隙の在りすぎてどれが本当の隙か分からない。
術理も【本能】と重ねてきた【経験則】から。
奔放に見えて愚直に重ねてきた【反復】が所作から見える。
慢心する【天才】なら幾許かマシなんだが。
愉しむ為に彼女は油断も慢心する事も無い。
血の呼吸・拾ノ型
更に深く神経を研ぎ澄ませる。より清廉により精錬させる。他の五感を置き去りに鋭利に鋭くなお深く。

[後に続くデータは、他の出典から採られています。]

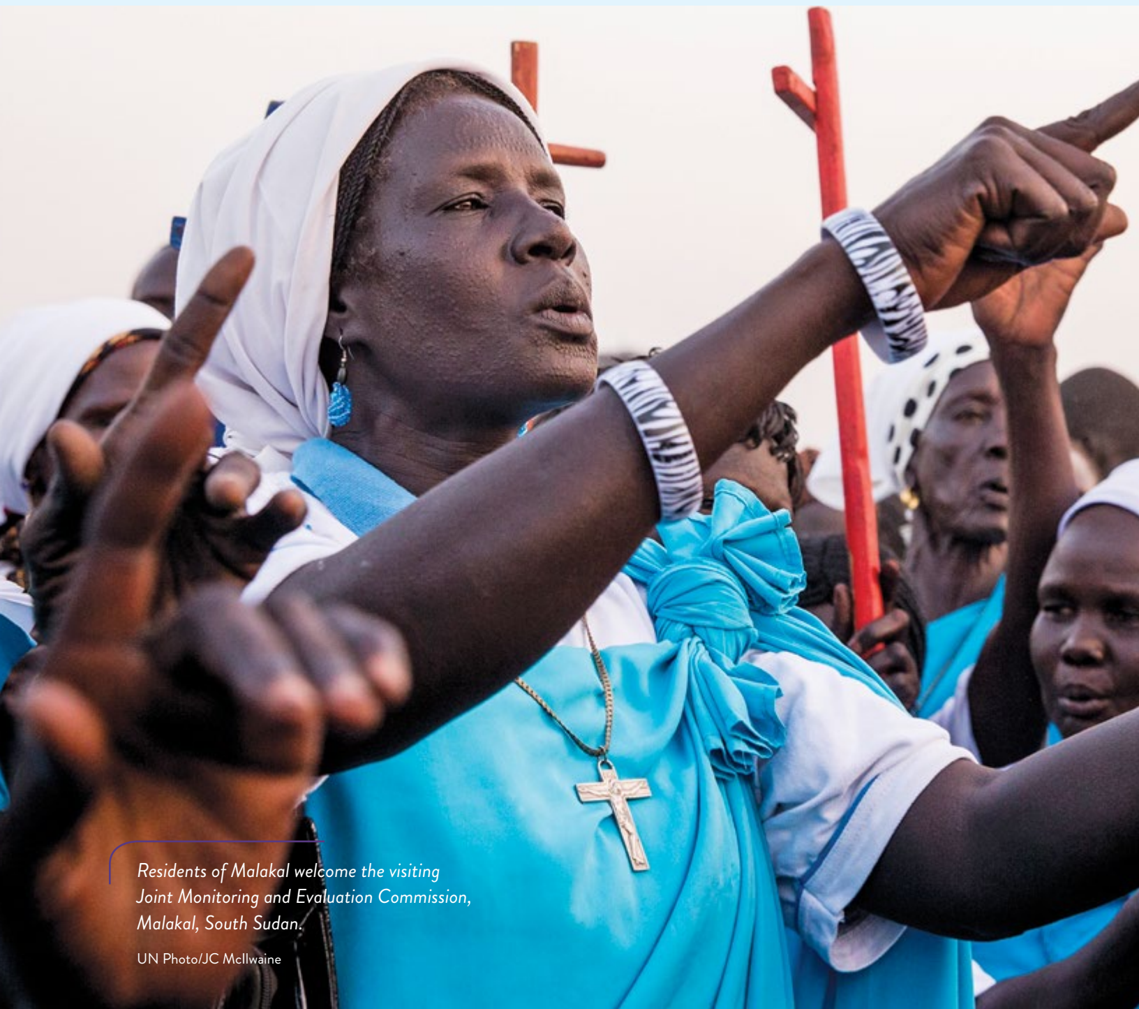
Residents of Malakal welcome the visiting Joint Monitoring and Evaluation Commission, Malakal, South Sudan.

1㎜の誤りも許さない許されない術理。精密な剣技を求められる。
この………
血の呼吸の絶技にて術理を収束させたもの。壱ノ型から玖ノ型まで総てを合わせたもの。
故に絶妙な匙加減を要する。
【全集中・深層】
天の呼吸・拾ノ型秘奥
亀裂のような笑みを浮かべる。目を見開き極限まで集中していた。
互いに構え【深層】まで、集中しにらみ合う。
朱と蒼。高まり合う殺意は互いに否定する。
絶殺。絶えず殺す。
虐殺。虐めて殺す。
我等が、専心は互いの否定にのみ準ずる。
【深紅紅蓮】!!
【果てなき天】!!
赤き刀より放たれるは極極大の深紅の放流が如き斬撃。
蒼き双刀より放たれるは極限の2重の斬撃。
ぶつかり合う否定と否定。
「きゃは♪剣技じゃアタシに勝てないンじゃなかったっけぇ!!?」
「君に負けるようじゃあの【
「そもそも【柱】時代から不可解なんだよねぇ!!【鬼】のくせに人間の味方するのかなぁ!!?」
「…好きに理由がいるのかよ!!」
本心。紛れもなく本心。
私は人間が好きだ。けれどそれが出ずる気持ちの
先程の死の刹那の失ったはずの記憶の残滓。微かな綻びは【あの人】を思い出した。
私はあの人に救われた。なら報わなければならない。
理由を思い出せた。
だから私はそれを否定させるべきではないと確信する。
領域変生【血怪百鬼統合・氷狼ノ陣】
「行きますよ【犬神】さん」
「ああ、お雪」
雪が降る。雪原を走る狼のように駆ける。
狙いはもちろん2羽の空色の大鷲。空を蹴り跳ぶ。
牙と爪が奴らの飛翔の根幹たる翼を傷付ける。さらに咆哮。衝撃波となりもう1羽が攻撃してこようとするのを迎撃し叩き付ける。
「姫の邪魔をさせぬ!!」
「それが私達の使命!!」
凍てつかせる咆哮が2羽の翼を凍てつかせる。機動力を失い落下した2羽を【犬神憑き】の群れが咀嚼し食い尽くす。
食い尽くした【犬神憑き】達は遠吠えをする。
「ひゃは!!あの2羽をやるなんてねぇ!!それなりなんだけどなぁ!!!」
2羽が、やられても動揺はせずなお嗤う。
拮抗する濁流が如き斬撃と色彩の2重斬撃は此方が押され始める。
「くっ!!」
「姫!!」
領域変生【血怪百鬼夜行・大蛇ノ陣】
2人を霧散させ新たに形成する。
大蛇となった血液が天へ食らいつく。
「!!?」
【果てなき天】の指向がぶれるその隙で【深紅紅蓮】を大蛇ごと叩き付ける。意思を持たない血液の塊であるため気にしないで巻き込む。
「ぎひっ!!」
天を横斜めに両断する。吹き飛ばされ崖に叩き付けられる。
「ひゃは♪首きれなかったのは残念だねぇ♪いひ♪あはっ♪あれれ~残念。時間切れだ。【陽光反転】の効力が切れるから早く日陰に行ったほうがいいよん」
不快な音を立てながら再生していく天の躰。
【陽光反転】の効力なのか再生力は普通の鬼とは段違い。直ぐさま接合され動かしている。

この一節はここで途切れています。